▶ [Task to carry out]: Retype each record below word for word, pictures excluded.

▶ [Information given]:
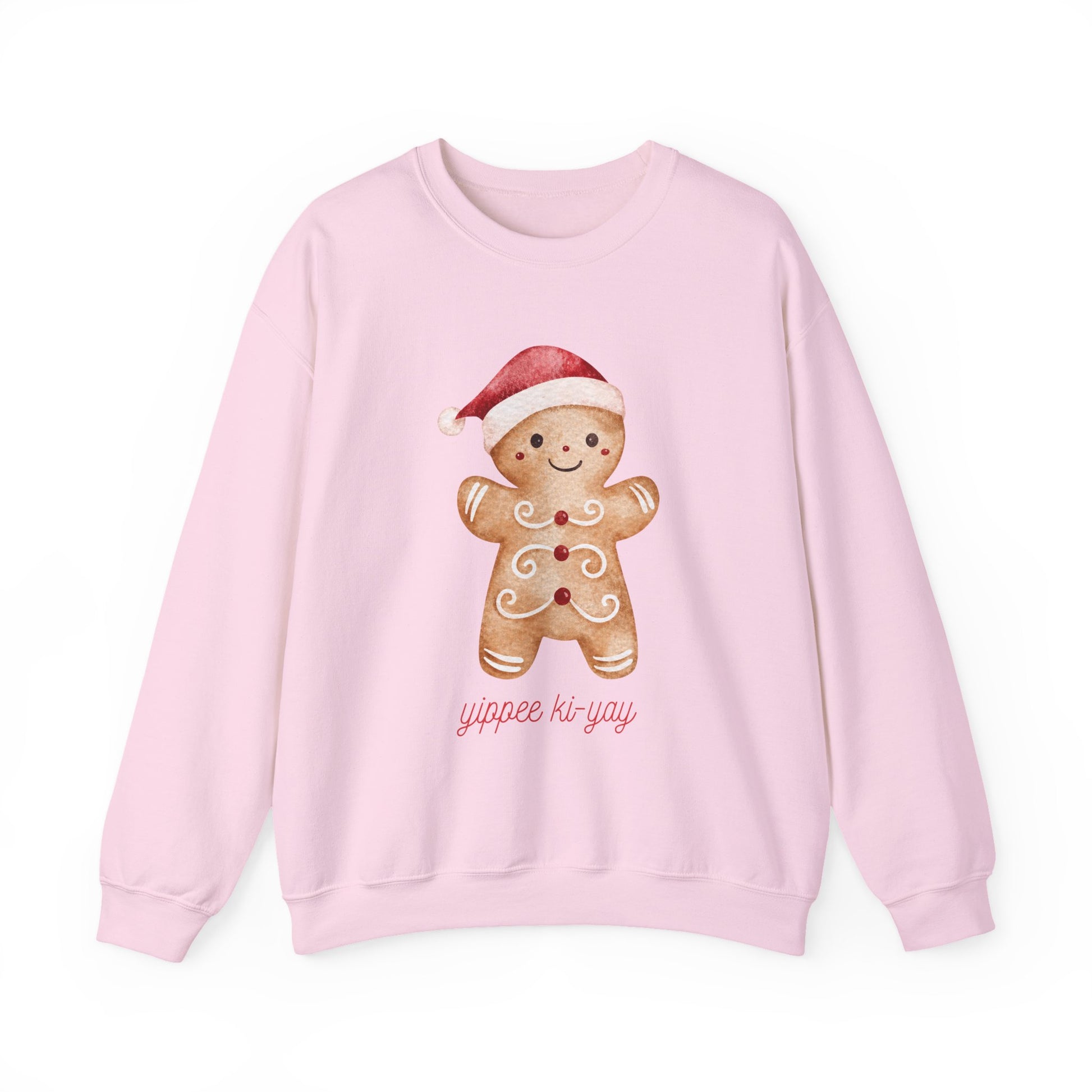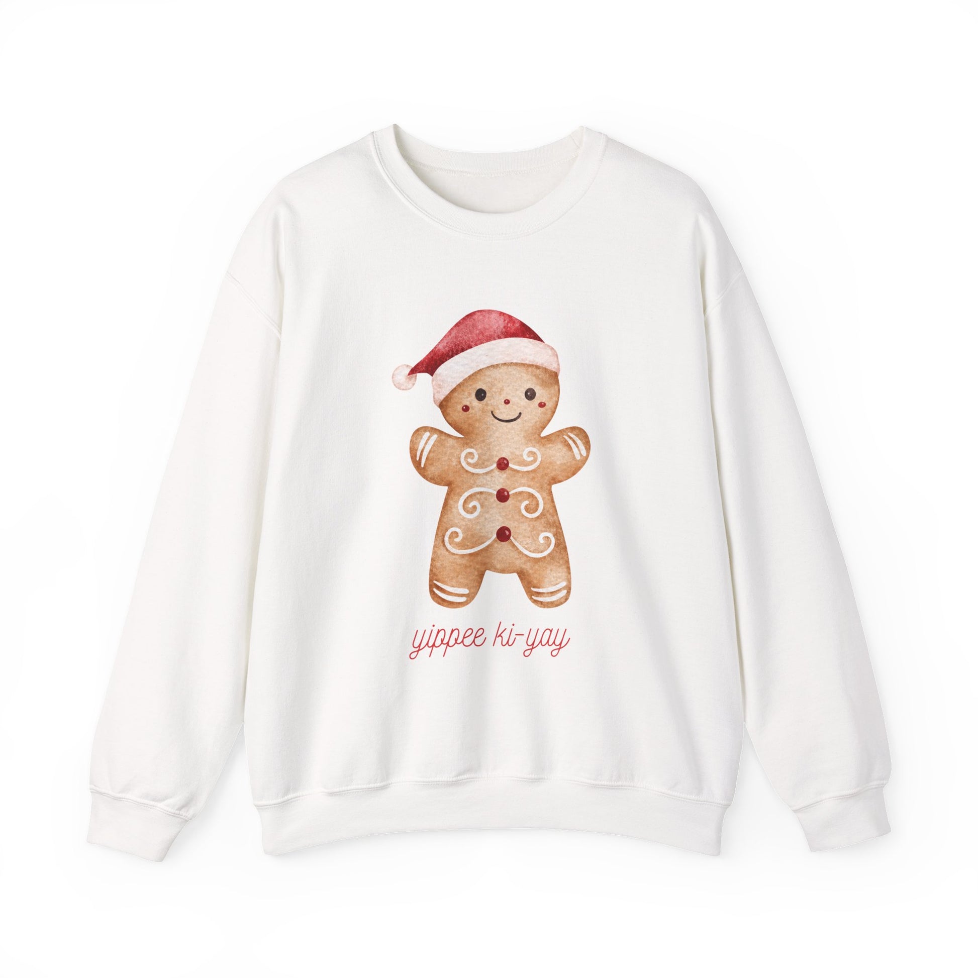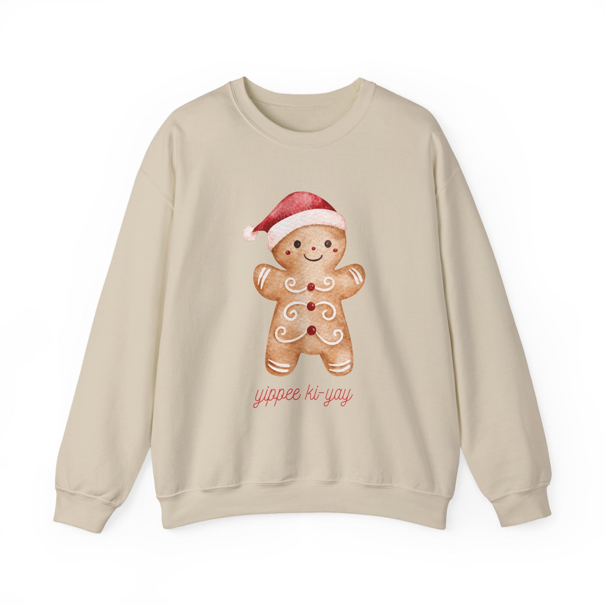 Crewneck Sweatshirt — Cute Gingerbread Cookie Santa Hat “Yippee Ki-Yay” Holiday Pullover
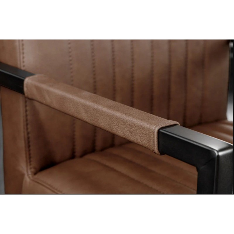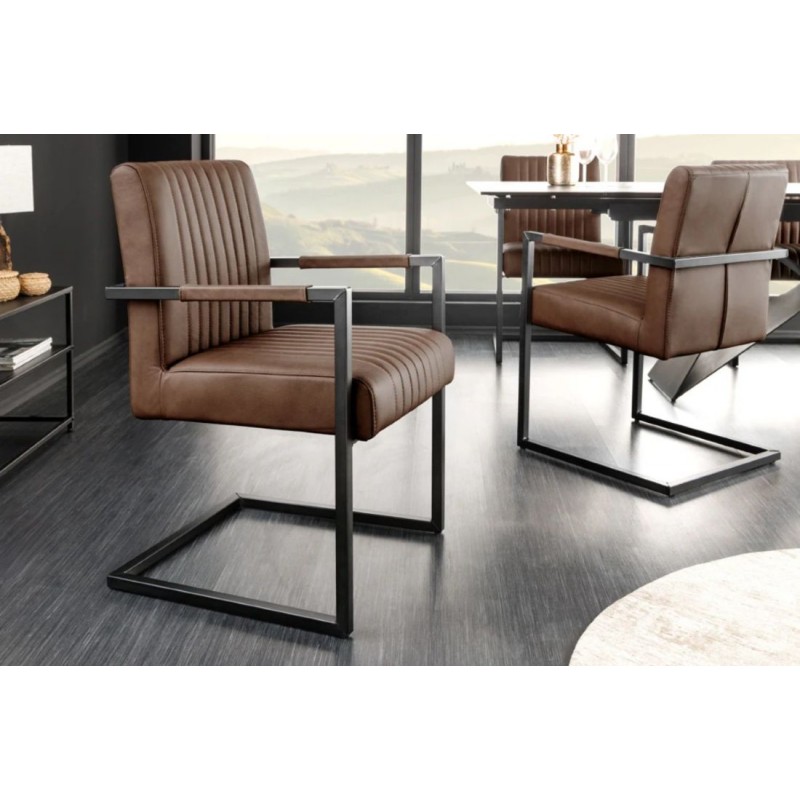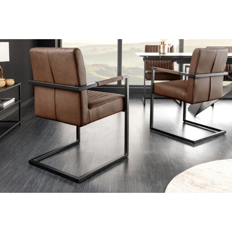 Nowoczesne krzesło BIG ASTON to funkcjonalne i stylowe rozwiązanie, które doskonale odnajdzie się zarówno w eleganckiej jadalni, jak i w salonie. Jego siedzisko wykonano z wysokiej jakości naturalnej skóry w modnym kolorze vintage w odcieniu brązowym, wyróżniającej się pięknym i starannym wykończeniem wewnątrz mebla. Ozdobne pionowe przeszycia nadają mu wyjątkowej elegancji, czyniąc go prawdziwą ozdobą każdego wnętrza. Stabilna, metalowa podstawa w czarnym kolorze dodatkowo podkreśla praktyczny jego charakter. Nowoczesny design wraz z podłokietnikami podkreślają jego oryginalne linie, subtelne zdobienia oraz smukła ciemna podstawa, harmonijnie łączy się z wygodnym siedziskiem i odpowiednio wyprofilowanym oparciem. Krzesło BIG ASTON, został wykonany z materiałów najwyższej jakości, zapewniając przy tym wyjątkowy komfort siedzenia oraz ekskluzywny wygląd. Dzięki ergonomicznemu oparciu i siedzisku doskonale wspiera sylwetkę podczas jego użytkowania. Model ten idealnie wpasuje się w nowoczesne aranżacje, dodając pomieszczeniom nie tylko elegancji i funkcjonalności, ale także odrobinę luksusu.
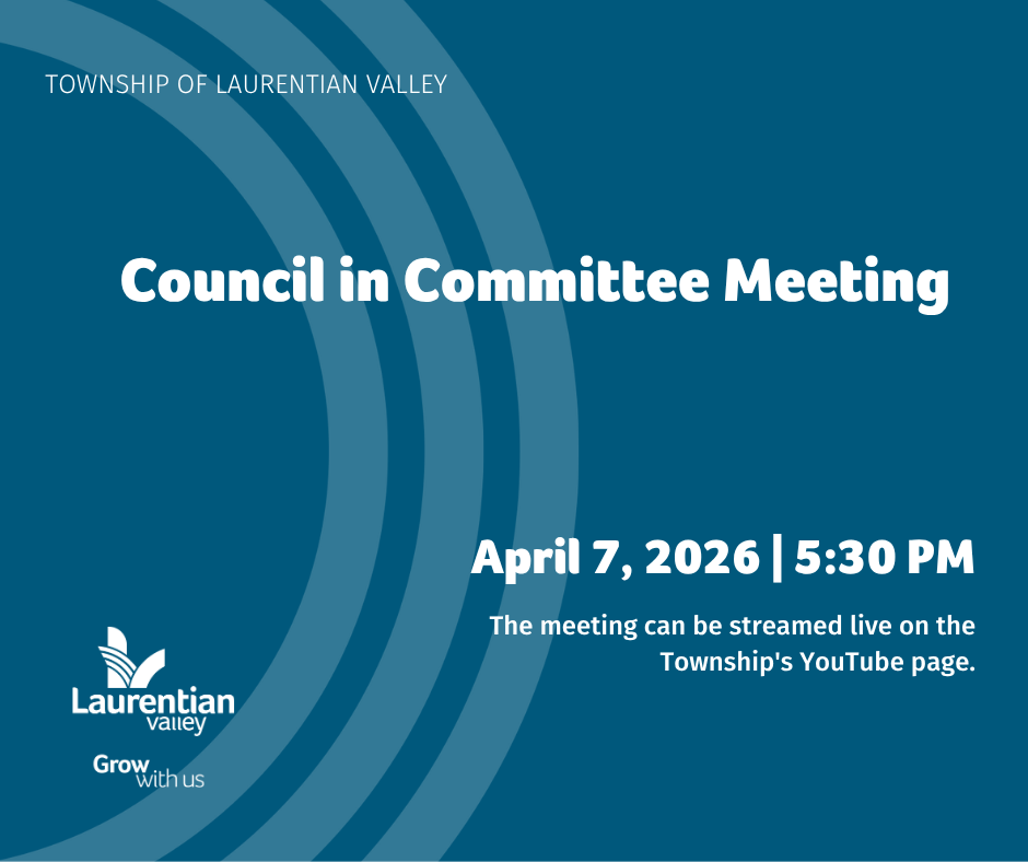 Where: Township of Laurentian Valley Council Chambers and livestreamed on the Township's YouTube Channel
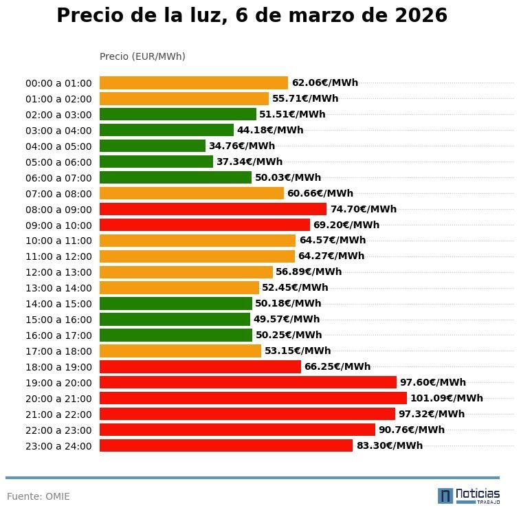 Precio de la luz por horas, viernes 6 de marzo
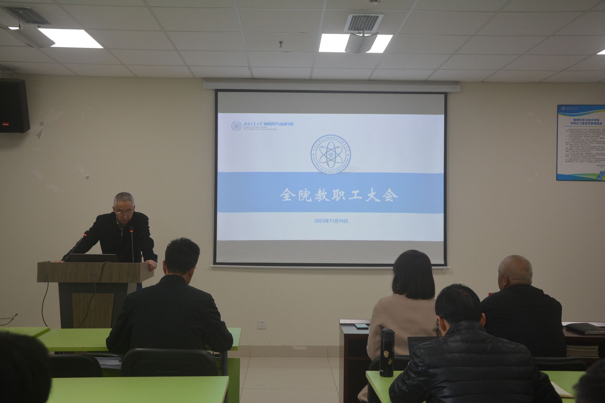 On the afternoon of November 16th at 2:30 PM, the School of Physical Science and Technology convened a faculty meeting in the X30334 conference room. Members of the school's party and administrative leadership, along with all faculty members, attended the meeting. The session was presided over by Guo Jian, Deputy Secretary of the School Party Committee and Deputy Dean.
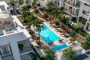 Комплекс состоит из двух зданий с 102 квартирами в каждом, выполненных в сочетании современного и традиционного стилей. На территории есть ухоженный сад, бассейны для взрослых и детей, тренажерный зал, коворкинг-зоны, зона для барбекю и детская площадка.

▶ [Expected answer]:
 Crewneck Sweatshirt — Cute Gingerbread Cookie Santa Hat “Yippee Ki-Yay” Holiday Pullover
 Nowoczesne krzesło BIG ASTON to funkcjonalne i stylowe rozwiązanie, które doskonale odnajdzie się zarówno w eleganckiej jadalni, jak i w salonie. Jego siedzisko wykonano z wysokiej jakości naturalnej skóry w modnym kolorze vintage w odcieniu brązowym, wyróżniającej się pięknym i starannym wykończeniem wewnątrz mebla. Ozdobne pionowe przeszycia nadają mu wyjątkowej elegancji, czyniąc go prawdziwą ozdobą każdego wnętrza. Stabilna, metalowa podstawa w czarnym kolorze dodatkowo podkreśla praktyczny jego charakter. Nowoczesny design wraz z podłokietnikami podkreślają jego oryginalne linie, subtelne zdobienia oraz smukła ciemna podstawa, harmonijnie łączy się z wygodnym siedziskiem i odpowiednio wyprofilowanym oparciem. Krzesło BIG ASTON, został wykonany z materiałów najwyższej jakości, zapewniając przy tym wyjątkowy komfort siedzenia oraz ekskluzywny wygląd. Dzięki ergonomicznemu oparciu i siedzisku doskonale wspiera sylwetkę podczas jego użytkowania. Model ten idealnie wpasuje się w nowoczesne aranżacje, dodając pomieszczeniom nie tylko elegancji i funkcjonalności, ale także odrobinę luksusu.
 Where: Township of Laurentian Valley Council Chambers and livestreamed on the Township's YouTube Channel
 Precio de la luz por horas, viernes 6 de marzo
 On the afternoon of November 16th at 2:30 PM, the School of Physical Science and Technology convened a faculty meeting in the X30334 conference room. Members of the school's party and administrative leadership, along with all faculty members, attended the meeting. The session was presided over by Guo Jian, Deputy Secretary of the School Party Committee and Deputy Dean.
 Комплекс состоит из двух зданий с 102 квартирами в каждом, выполненных в сочетании современного и традиционного стилей. На территории есть ухоженный сад, бассейны для взрослых и детей, тренажерный зал, коворкинг-зоны, зона для барбекю и детская площадка.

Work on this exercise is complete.